A definitive diagnosis of nocardiosis requires demonstration of the organisms by DNA sequencing, microbiologic culture, or microscopic examination of cerebrospinal fluid, aspirated fluid or biopsied tissue. Diagnostic yield of culture is relatively low due to the slow growth rate of Nocardia species. Histochemical recognition of Nocardia species can be missed due to variable staining results and high background staining. All brain abscesses examined histologically should be interrogated by a panel of histochemical stains to see if a specific pathogen can be identified. As usual, a high index of suspicion and familiarity of characteristic findings are essential in this exercise. GMS stain is known to faithfully highlight fungal hyphae and yeasts, as well as many types of bacteria. Specifically, Nocardia organisms appear as aggregates of slender, filamentous, branching and “beady” structures on GMS stain. Nocardia organisms are also Gram-positive (at least focally). When present, the organisms are often found in necrotic debris - as illustrated in this case.

CNS Nocardiosis

  • CNS nocardiosis is rare and can be diagnosed by DNA sequencing, culture and histochemistry.

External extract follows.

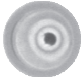
Well with disk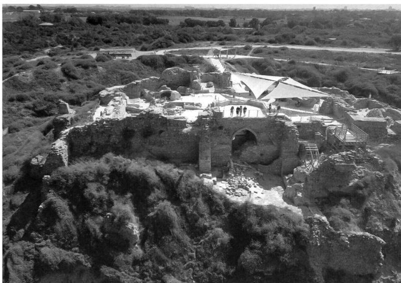
Fig. 1b Aerial view of the western façade, looking east (photograph by Or Fialkov, September 2019).

  • Radiographically and clinically, CNS nocardiosis mimics primary and metastatic malignancies.
  • On histochemical stains, Nocardia organisms appear as Gram-positive, GMS-argyrophilic, acid-fast (variable), filamentous and branching bacilli.

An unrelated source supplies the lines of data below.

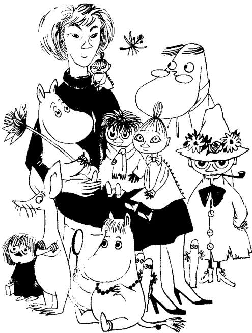
Tove Jansson's self-portrait with Moomin characters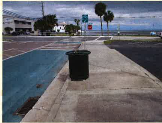
New trash receptacles at the Julia Parking lot and at Main St. near Indian River Avenue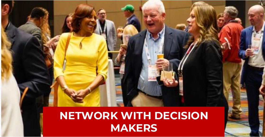
NETWORK WITH DECISION MAKERS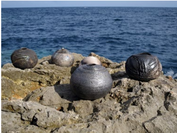
Relic • Whispering Globe wheel-thrown, glaze • raku • Ø 14 cm

The Salento Series was born during the 1st Ceramic Symposium in Salento and Raku Workshop at Bottega Branca, Tricase, where – truly fascinated by the beauty of the place, local landscapes and people – I had the chance to create Whispering Globes. I intended to incorporate all the surrounding natural beauties of Salento in my globes.

  • Patients with CNS nocardiosis are not necessarily immunosuppressed.
  • Overall prognosis of CNS nocardiosis is worse than that seen in the setting of other brain abscesses due to difficulty in organism identification, inadequate antibiotic treatment, and development of drug resistance.
  1. Anagnostou T, Arvanitis M, Kourkoumpetis TK, et al. Nocardiosis of the central nervous system. Experience from a general hospital and review of 84 cases from the literature. Medicine. 2014;93:19-32.

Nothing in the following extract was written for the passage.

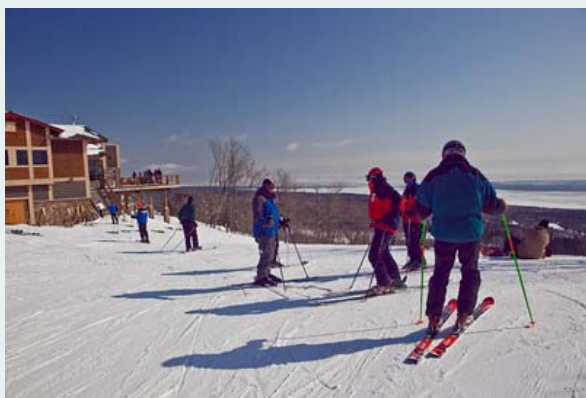
Upper Midwest's Premier Alpine Skiing at Lutsen Mountains

Whichever season whets your appetite Cascade Lodge is here to fill that need. Let the North Shore renew your spirit, help you see things more clearly and then return you home refreshed. Give us a call and let us show you Cascade Country .

  2. Baldawa S, Nayak N, Kukreja S, et al. Cerebral Nocardiosis. Asian J Neurosurg. 2014;9:245.
  3. Cooper CJ, Said S, Popp M, et al. A complicated case of an immunocompetent patient with disseminated Nocardiosis. Inf Dis Rep. 2014;6:5327.
  4. Kennedy KJ, Chung KH, Bowden FJ, et al. A cluster of nocardial brain abscesses. Surg Neurol. 2007;68:43-9.
  5. Kranick SM and Zerbe CS. Challenges in clinical neuroinfectious disease: CNS Nocardiosis. J Neurovirol. 2013;19:505-7.
  6. Tatti KM, Shieh WJ, Phillips S, et al. Molecular diagnosis of Nocardia farcinica from a cerebral abscess. Hum Pathol. 2006;37:1117-21.

Answer Key

  1. What is the BEST diagnosis?
    A. Glioblastoma
    B. Multiple sclerosis
    C. Nocardiosis
    D. Primary CNS vasculitis
    E. Tuberculoma
  2. Which is the MOST EFFECTIVE treatment for this disease?
    A. Corticosteroid and other modalities of immunosuppression
    B. Gamma knife treatment
    C. Prolonged antibiotics based on susceptibility testing
    D. Surgical biopsy followed by irradiation
    E. Total surgical resection
  3. Which of the following statements about this disease is TRUE?
    A. A majority of cases have this condition only in the central nervous system.
    B. It occurs almost exclusively in immunosuppressed patients.
    C. Its overall prognosis is very good with over 90% recovery after treatment.
    D. Selective histochemical stains illustrate its characteristic etiology.
    E. The exact etiology remains unknown.